Required work | Output must consist only of the lines of the material below from the one with "2017年5月18日晚7点,经管院研会学" through the one with "一顆顆蠶繭背后,是一條栽桑、", each reproduced exactly; no pictures belong in it.

Available records |

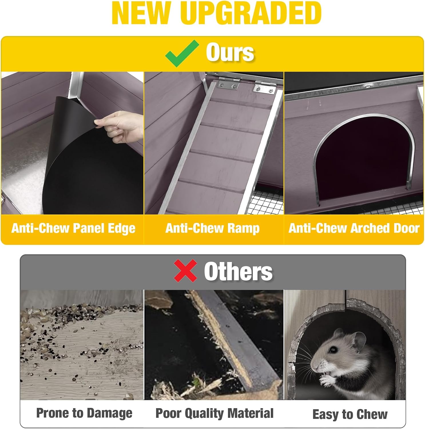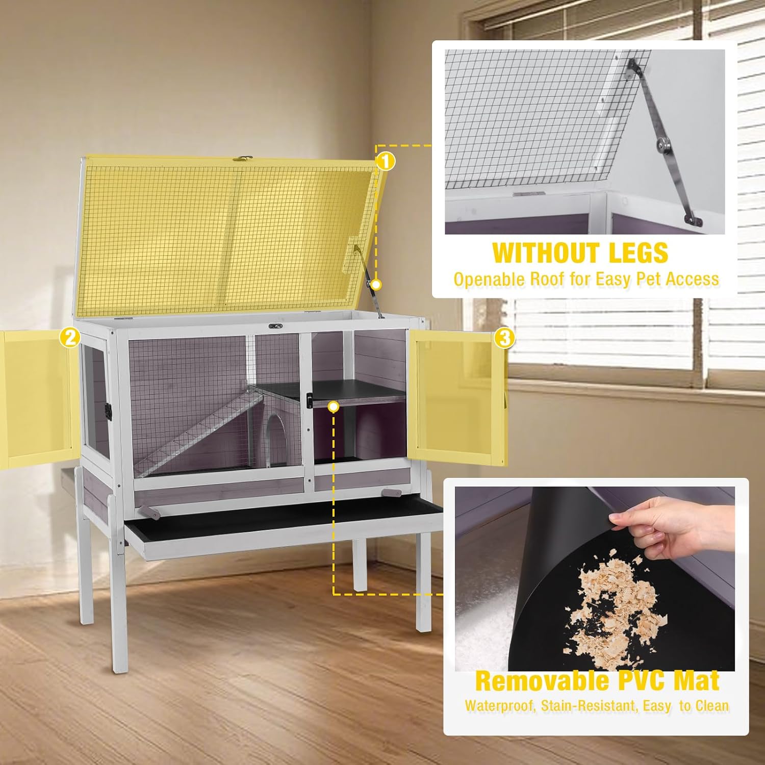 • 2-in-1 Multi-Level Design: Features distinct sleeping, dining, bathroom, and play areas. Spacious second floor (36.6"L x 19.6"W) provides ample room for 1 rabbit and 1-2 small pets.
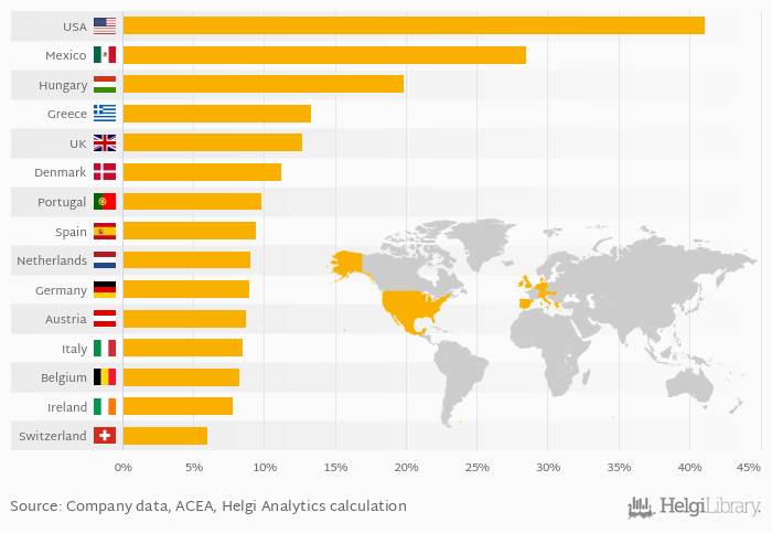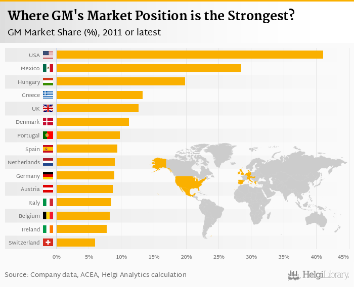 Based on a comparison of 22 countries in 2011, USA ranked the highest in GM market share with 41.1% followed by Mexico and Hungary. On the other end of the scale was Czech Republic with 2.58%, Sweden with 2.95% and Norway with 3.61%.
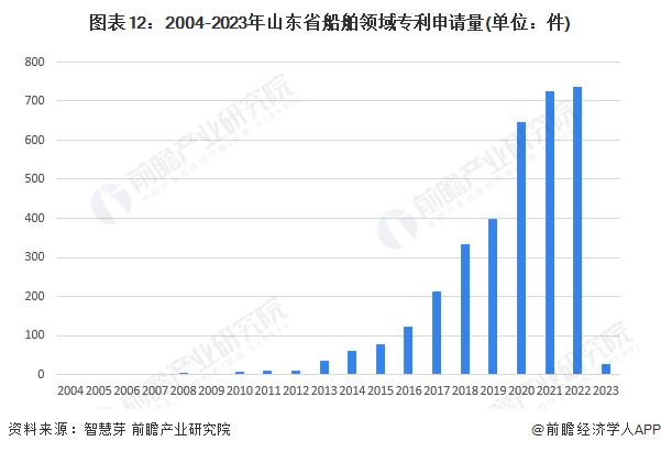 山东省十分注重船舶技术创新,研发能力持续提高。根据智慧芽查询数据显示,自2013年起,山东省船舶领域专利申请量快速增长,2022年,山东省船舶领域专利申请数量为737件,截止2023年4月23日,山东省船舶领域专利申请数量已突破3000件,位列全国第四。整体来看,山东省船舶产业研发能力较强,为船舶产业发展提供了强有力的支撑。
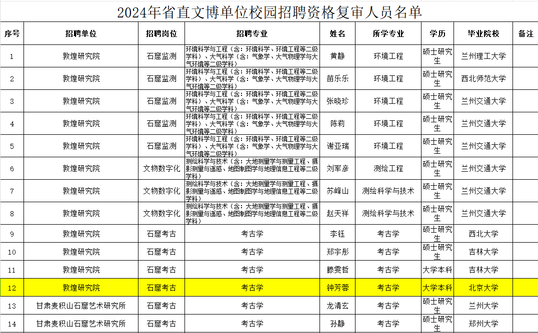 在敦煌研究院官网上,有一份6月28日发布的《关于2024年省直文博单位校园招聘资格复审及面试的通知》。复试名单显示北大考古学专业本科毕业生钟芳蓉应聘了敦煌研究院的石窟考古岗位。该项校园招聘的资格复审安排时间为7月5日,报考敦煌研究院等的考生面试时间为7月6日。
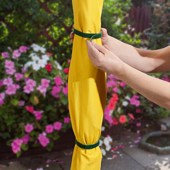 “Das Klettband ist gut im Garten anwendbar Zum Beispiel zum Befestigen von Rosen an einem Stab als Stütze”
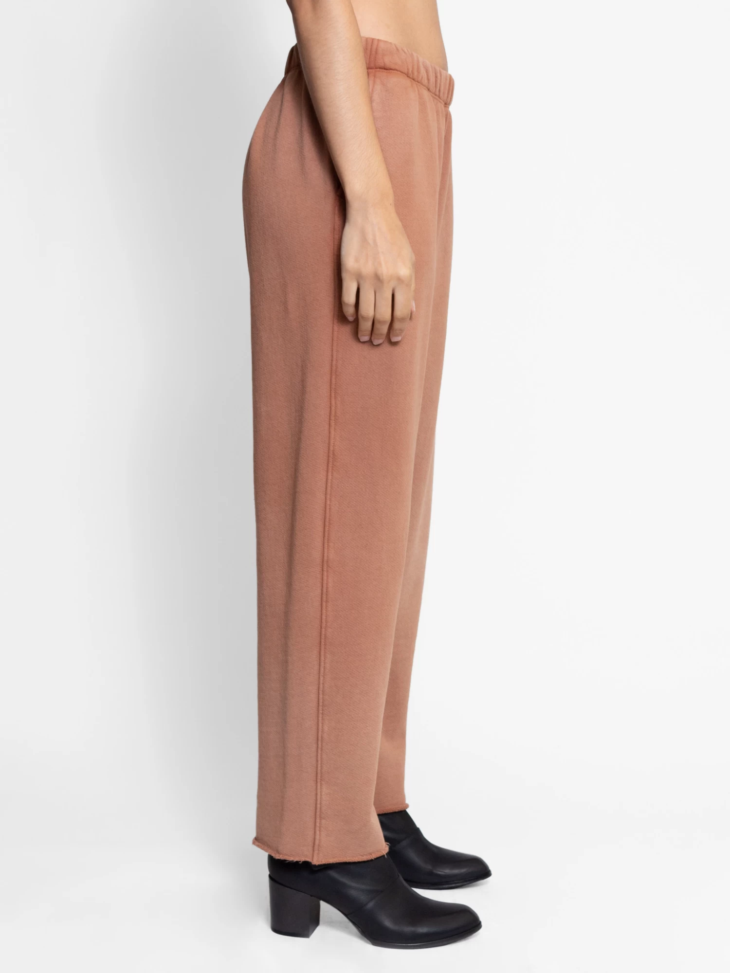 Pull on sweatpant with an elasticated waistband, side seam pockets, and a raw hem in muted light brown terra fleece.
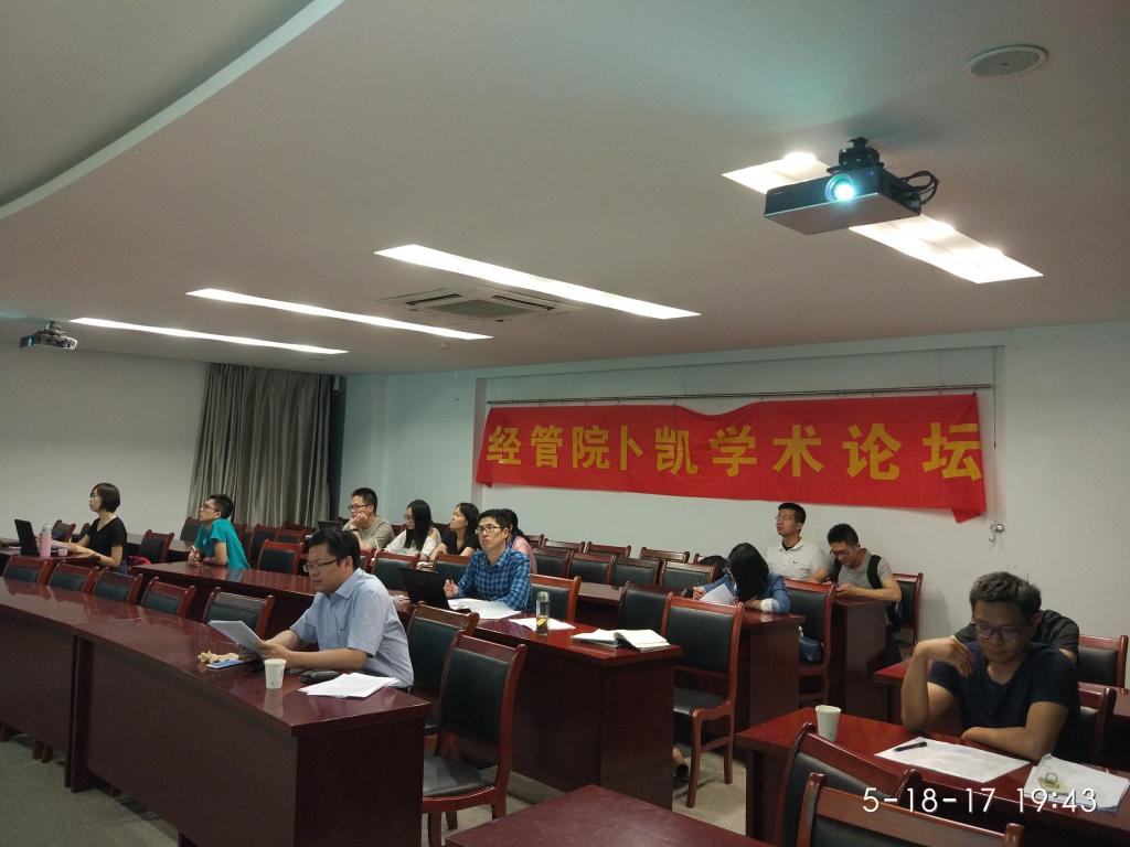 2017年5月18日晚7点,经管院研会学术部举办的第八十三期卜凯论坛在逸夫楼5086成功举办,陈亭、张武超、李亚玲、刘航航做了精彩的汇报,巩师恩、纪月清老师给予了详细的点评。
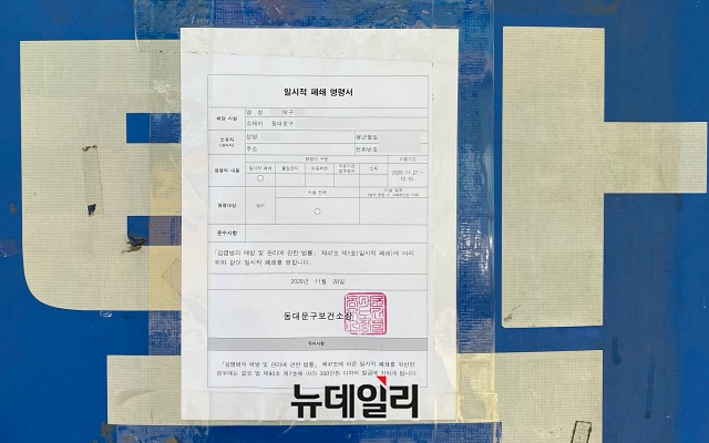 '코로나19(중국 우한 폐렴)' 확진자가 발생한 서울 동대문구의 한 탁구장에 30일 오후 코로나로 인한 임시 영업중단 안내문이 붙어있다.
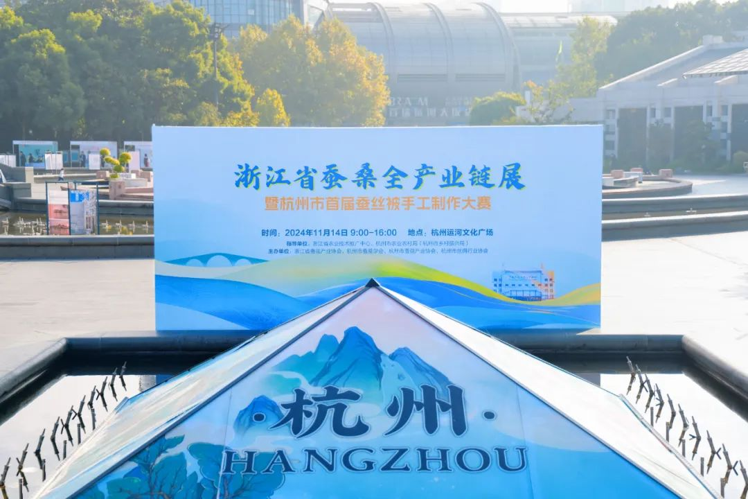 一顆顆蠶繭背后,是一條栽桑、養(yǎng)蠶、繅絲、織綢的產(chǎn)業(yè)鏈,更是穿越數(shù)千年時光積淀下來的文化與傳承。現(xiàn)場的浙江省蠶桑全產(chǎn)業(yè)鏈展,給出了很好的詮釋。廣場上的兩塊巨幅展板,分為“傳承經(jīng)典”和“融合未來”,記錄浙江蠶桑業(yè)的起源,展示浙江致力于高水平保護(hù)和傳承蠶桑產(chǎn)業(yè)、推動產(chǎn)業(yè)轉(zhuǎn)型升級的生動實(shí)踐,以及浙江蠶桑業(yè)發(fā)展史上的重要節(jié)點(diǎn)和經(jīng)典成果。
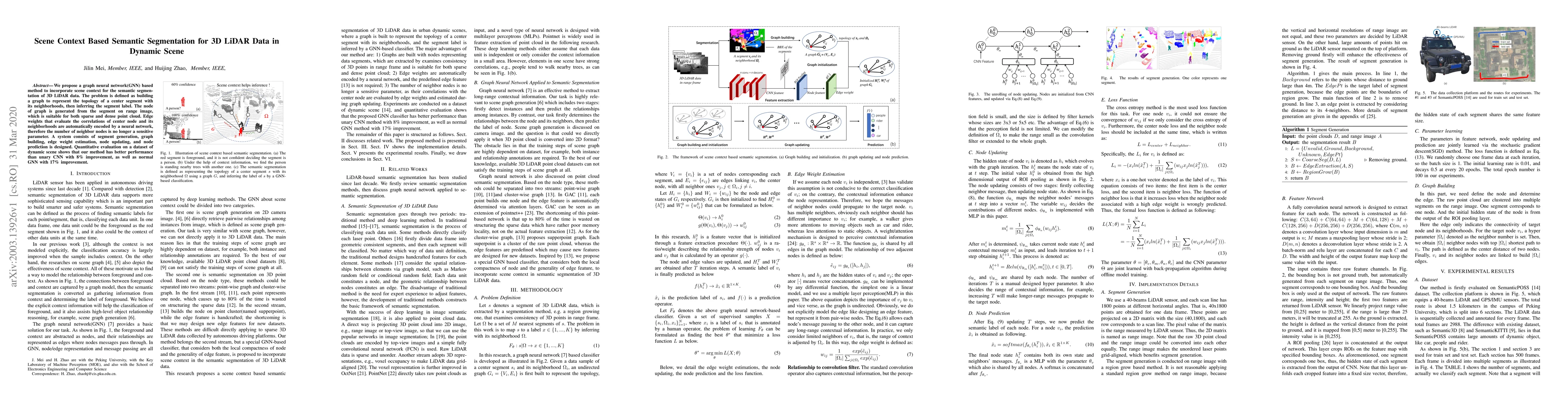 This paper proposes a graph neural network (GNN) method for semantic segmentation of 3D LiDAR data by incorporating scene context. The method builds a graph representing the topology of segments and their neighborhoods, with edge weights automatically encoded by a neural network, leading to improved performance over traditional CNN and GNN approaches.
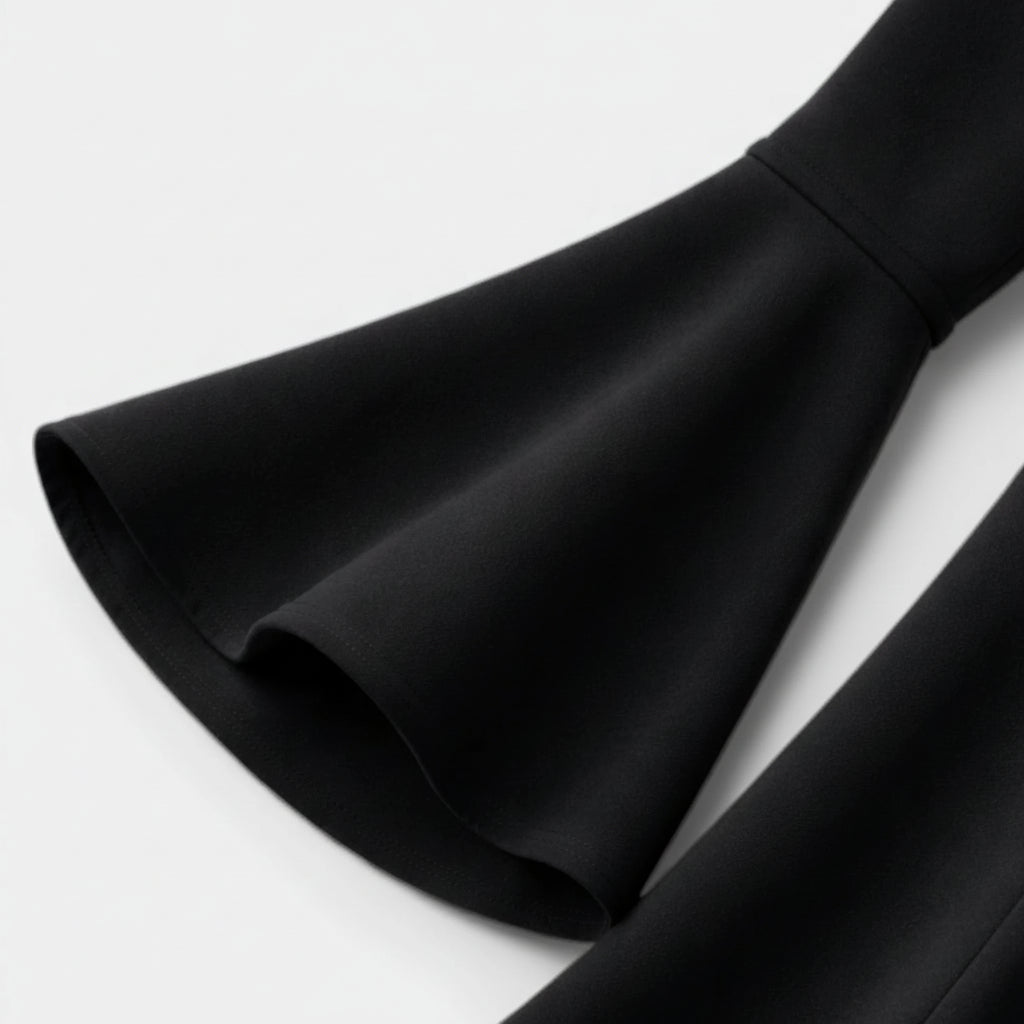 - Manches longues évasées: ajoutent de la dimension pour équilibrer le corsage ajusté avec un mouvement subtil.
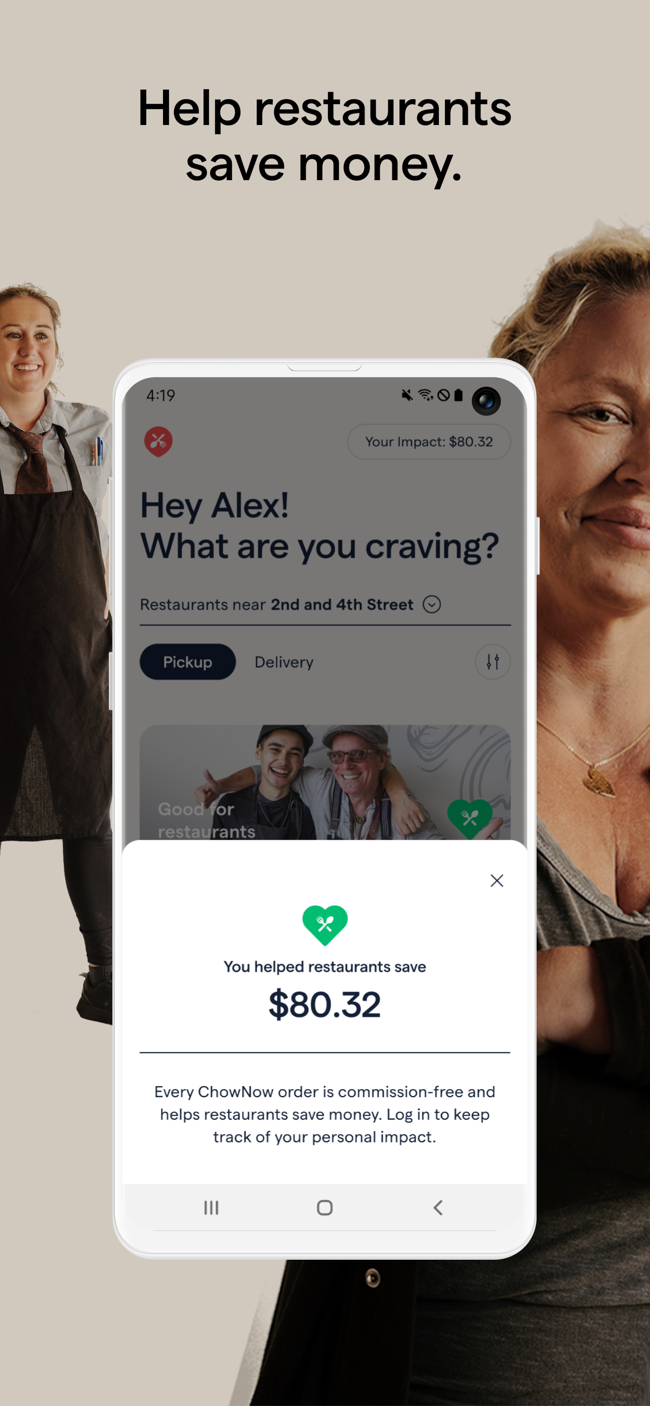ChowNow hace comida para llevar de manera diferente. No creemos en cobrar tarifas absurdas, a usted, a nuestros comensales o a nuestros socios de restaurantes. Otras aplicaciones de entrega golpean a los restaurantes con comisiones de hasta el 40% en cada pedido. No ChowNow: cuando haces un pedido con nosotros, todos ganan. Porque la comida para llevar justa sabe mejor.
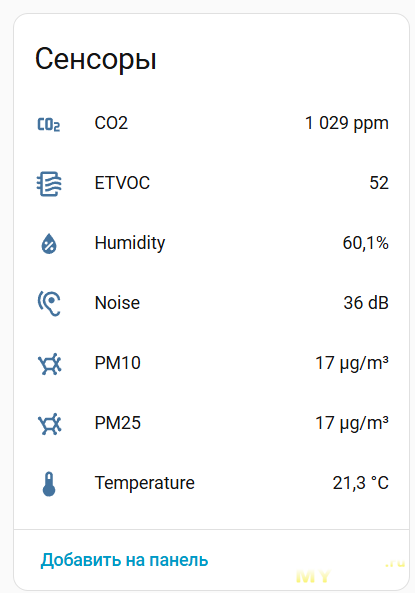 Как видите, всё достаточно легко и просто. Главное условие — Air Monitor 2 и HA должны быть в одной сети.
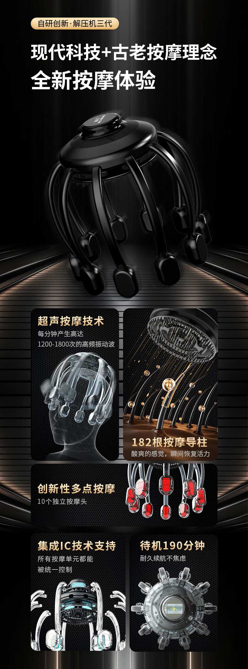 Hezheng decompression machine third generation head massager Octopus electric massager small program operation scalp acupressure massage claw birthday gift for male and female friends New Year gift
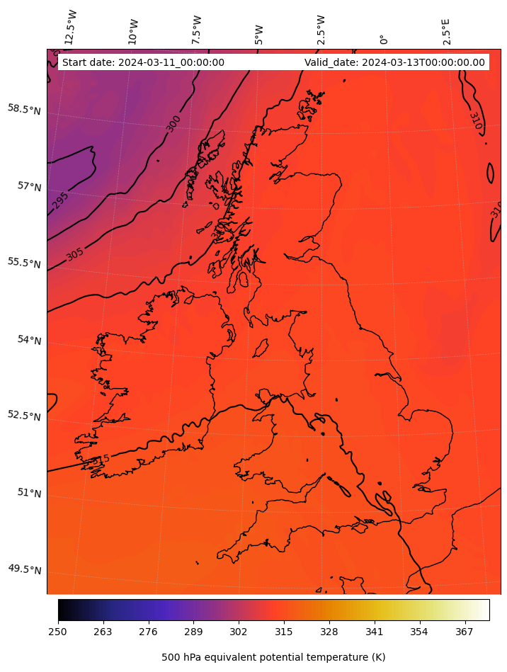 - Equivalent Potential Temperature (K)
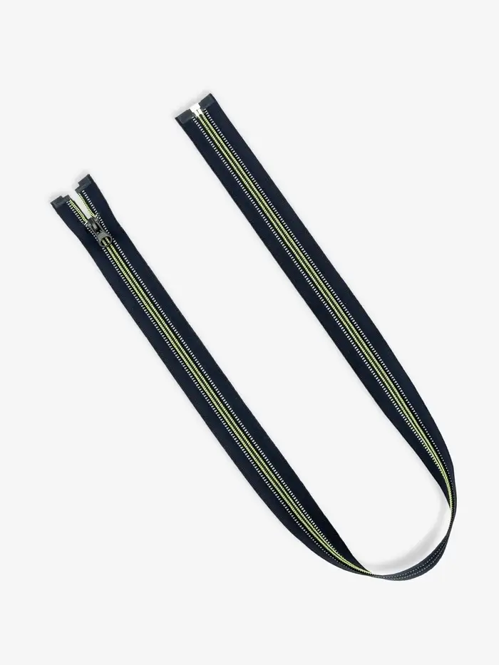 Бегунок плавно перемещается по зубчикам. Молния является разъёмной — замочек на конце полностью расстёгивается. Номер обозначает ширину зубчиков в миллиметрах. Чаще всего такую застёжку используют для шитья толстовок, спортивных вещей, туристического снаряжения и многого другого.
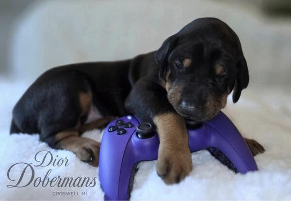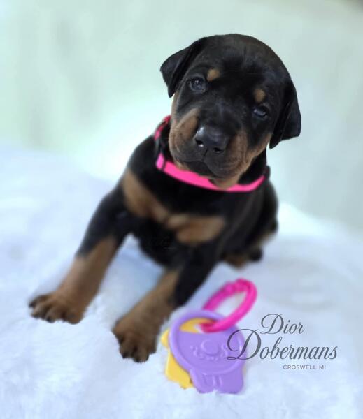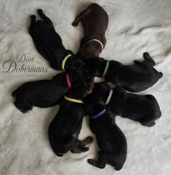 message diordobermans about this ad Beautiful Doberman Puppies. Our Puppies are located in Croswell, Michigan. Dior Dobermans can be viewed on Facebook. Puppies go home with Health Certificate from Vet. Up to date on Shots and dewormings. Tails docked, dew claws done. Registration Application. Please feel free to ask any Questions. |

Reply to the exercise |
 2017年5月18日晚7点,经管院研会学术部举办的第八十三期卜凯论坛在逸夫楼5086成功举办,陈亭、张武超、李亚玲、刘航航做了精彩的汇报,巩师恩、纪月清老师给予了详细的点评。
 '코로나19(중국 우한 폐렴)' 확진자가 발생한 서울 동대문구의 한 탁구장에 30일 오후 코로나로 인한 임시 영업중단 안내문이 붙어있다.
 一顆顆蠶繭背后,是一條栽桑、養(yǎng)蠶、繅絲、織綢的產(chǎn)業(yè)鏈,更是穿越數(shù)千年時光積淀下來的文化與傳承。現(xiàn)場的浙江省蠶桑全產(chǎn)業(yè)鏈展,給出了很好的詮釋。廣場上的兩塊巨幅展板,分為“傳承經(jīng)典”和“融合未來”,記錄浙江蠶桑業(yè)的起源,展示浙江致力于高水平保護(hù)和傳承蠶桑產(chǎn)業(yè)、推動產(chǎn)業(yè)轉(zhuǎn)型升級的生動實(shí)踐,以及浙江蠶桑業(yè)發(fā)展史上的重要節(jié)點(diǎn)和經(jīng)典成果。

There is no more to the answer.